Sus hijos se convirtieron desde la adolescencia en propietarios instantáneos y próximos delfines, como en épocas perfumadas de tronos y cortes. Adquirieron los medios de comunicación tradicionales, por interpuestas personas empresariales. Fundaron oficinas de controladores de redes sociales.

Los poderosos de toda la vida, sumados a los recién llegados de mano de los polvos mágicos, cumplieron lo prometido. Hacen trizas las trizas, cambian las palabras del diccionario, donde había desplazados pronuncian turistas.
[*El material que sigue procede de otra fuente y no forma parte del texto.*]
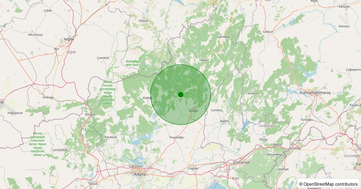 Son 7 gün içinde Kozan - Kuytucak noktasından 100 km yarıçap içerisinde meydana gelen diğer depremler: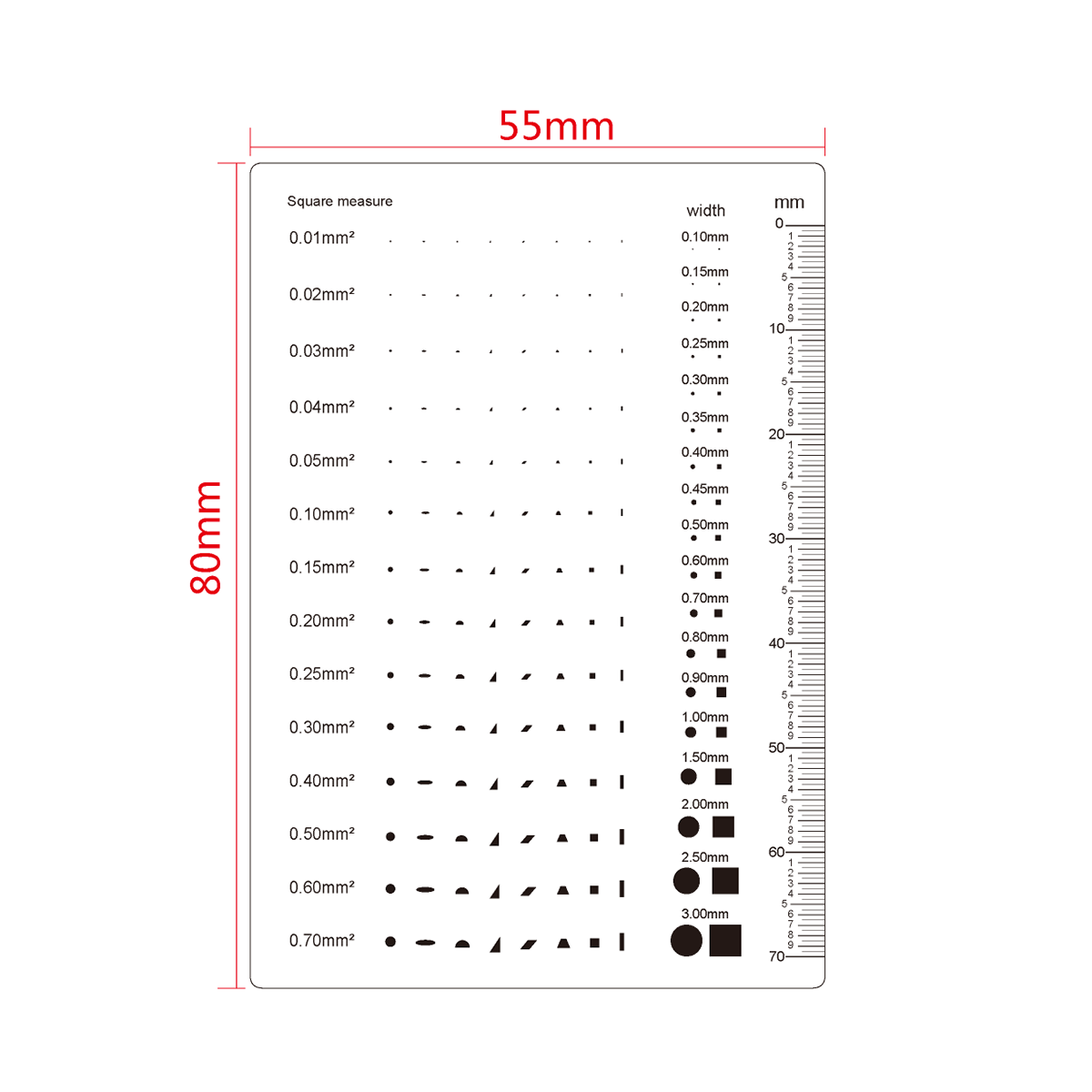 Multi-Function Film Ruler . Film Ruler Dimensions: 80x55x0.1mm. 70mm/140 Div. Diameters Range: Dia. 0.1-3.0mm. Area Measurement Type: 8 Species. Area Measurement Range: 0.01-0.70mm².

Los falsos positivos los visten de cogedores de café.

En el Congreso amarraron a su favor y con cinchas de arriero la media docena de partidos políticos con nombres decimonónicos o no hace mucho catalogados en letras como la U. Miraron hacia el polo del norte, le apostaron a la reelección náufraga de un presidente estrambótico que en cuatro años solo logró emitir torpezas.

El primer extremo de la polarización, pues, se dejó contar. No ocurre así con el extremo opuesto. Mientras a la hora del poder la derecha es maciza y monolítica, como la Esfinge de Guiza, la izquierda se atomiza en movimientos e incluso en individuos volátiles.

Así que para delinear su mapa filosófico haya que referirse más a propuestas e ideales, y menos a ejecutorias históricas. Justicia social y equidad serían trazos clave. Se agrega el listado de los derechos humanos. Hoy se imponen los reclamos de mujeres, jóvenes, afros, aborígenes, LGBTI, animalistas, ambientalistas. Y causas como regulación de las drogas, aborto, conversión a energías renovables, eutanasia.

Es un agregado de perspectivas difíciles de encontrar en cada una de las islas del archipiélago zurdo. Los oradores de izquierda suelen ser imbatibles cuando denuncian las tropelías de la derecha. Pero sus adalides asoman ganas francas de prolongar sus eventuales triunfos, a lo largo de períodos presidenciales sin cuenta. Para lograrlo acostumbran forrarse de engreimiento, despotismo y mesianismo.

Las órdenes de “¡Exprópiese!” emitidas sobre la propiedad privada, la persecución a la prensa que investiga, el encarcelamiento de opositores y el apetito por los tesoros del poder son herencias internacionales funestas. Es que las veces en que la izquierda ha sido mandataria ha resultado inquietantemente parecida en sus vicios a lo peor de la derecha.

Por eso el pueblo está con el Chapulín: “¿Ahora, quien podrá defendernos?”.